I notice this sits weirdly next to the plateau narrative. You can’t really believe both that AI has stopped improving and that it’s about to take everyone’s job. If AI can only generate slop, why would people who can produce good content be worried? But both concerns show up in the same conversations all the time, which suggests they’re more about vibes than consistent analysis.
The smarter version of this concern understands that even if progress slows down, what we have now might be enough to cause a lot of disruption over the next decade. That seems plausible to me, though nobody really knows the timeline.
The Pattern
A few things stand out looking at this history:
Technical critiques turn into social ones as capabilities grow. When “this doesn’t work” stops working, we get “this is theft.” When “this can’t scale” fails, we get “this will kill jobs.” The emotional energy stays constant even as the arguments change.
Principles get applied selectively. The same communities that hated IP protections suddenly love them when AI’s involved. When this happens, the stated objection usually isn’t the real one.
The critiques that hold up don’t depend on capability limits. Copyright questions, alignment problems, social disruption actually get more relevant as the tech improves. The critics who focused here look smarter than the ones who kept betting on technical walls.
“Current limitations” keeps getting confused with “permanent limitations.” GPT-2’s problems were real, but they weren’t a ceiling. This confusion has burned skeptics over and over.
Where Things Stand
In the past few weeks the ability for AI to write good code has become harder to refute. Right now, we’re seeing more grudging acceptance that the capabilities are real, mixed with a growing worry about what that means. The “it doesn’t work” crowd has mostly lost on raw capability. Skepticism didn’t end, but it transformed into questions about what it means for society that these capabilities exist.

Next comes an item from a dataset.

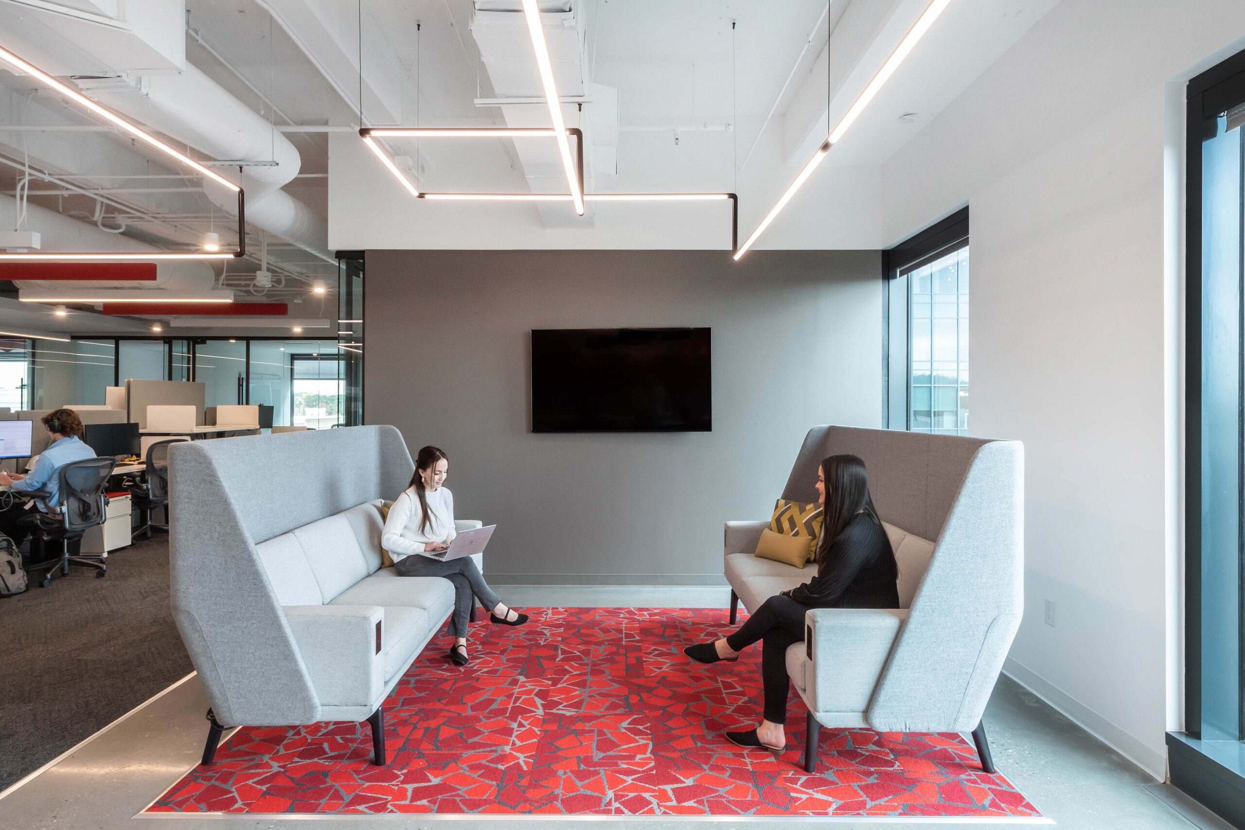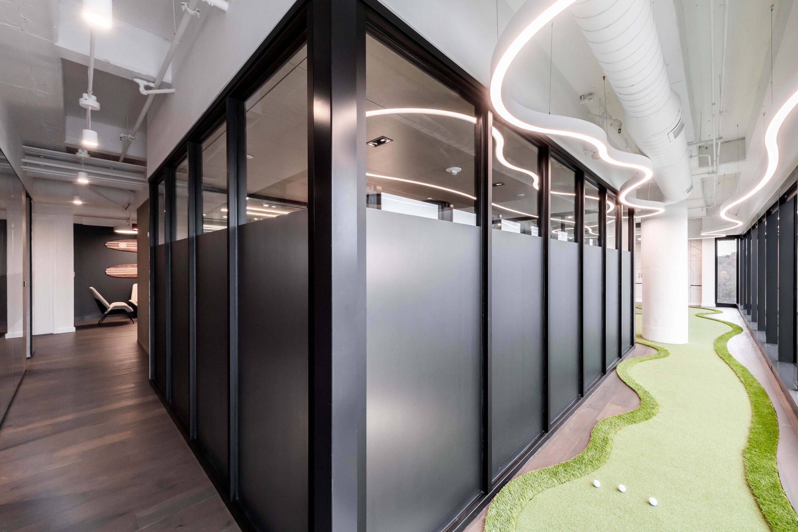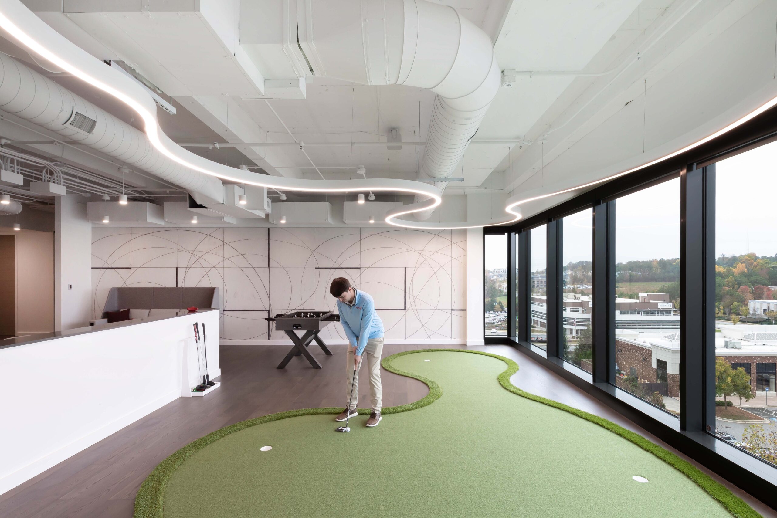 The expansion features a variety of work areas, including collaboration spaces, large training rooms, and private zones, all promoting workplace flexibility. Highlights include the Innovation Room, equipped with advanced technology and inspiring lighting fixtures, and the Social Hub, a dynamic collaboration space featuring a custom putting green and foosball table.

I personally think the most defensible position right now might just be uncertainty. This is moving faster than our ability to understand what it means. The predictions, both utopian and dystopian, have track records that should discourage us from being too confident.
If you’re skeptical now, I’d just say that you should pay attention to which of your objections depend on capability limits that might get blown away, versus which ones are about inherent problems with deploying capable AI systems. The first category has not performed well. The second might be where the real fights are.
And if you catch yourself applying principles selectively then it’s worth asking what you’re actually objecting to. The honest answer might be more interesting than whatever you’re saying out loud.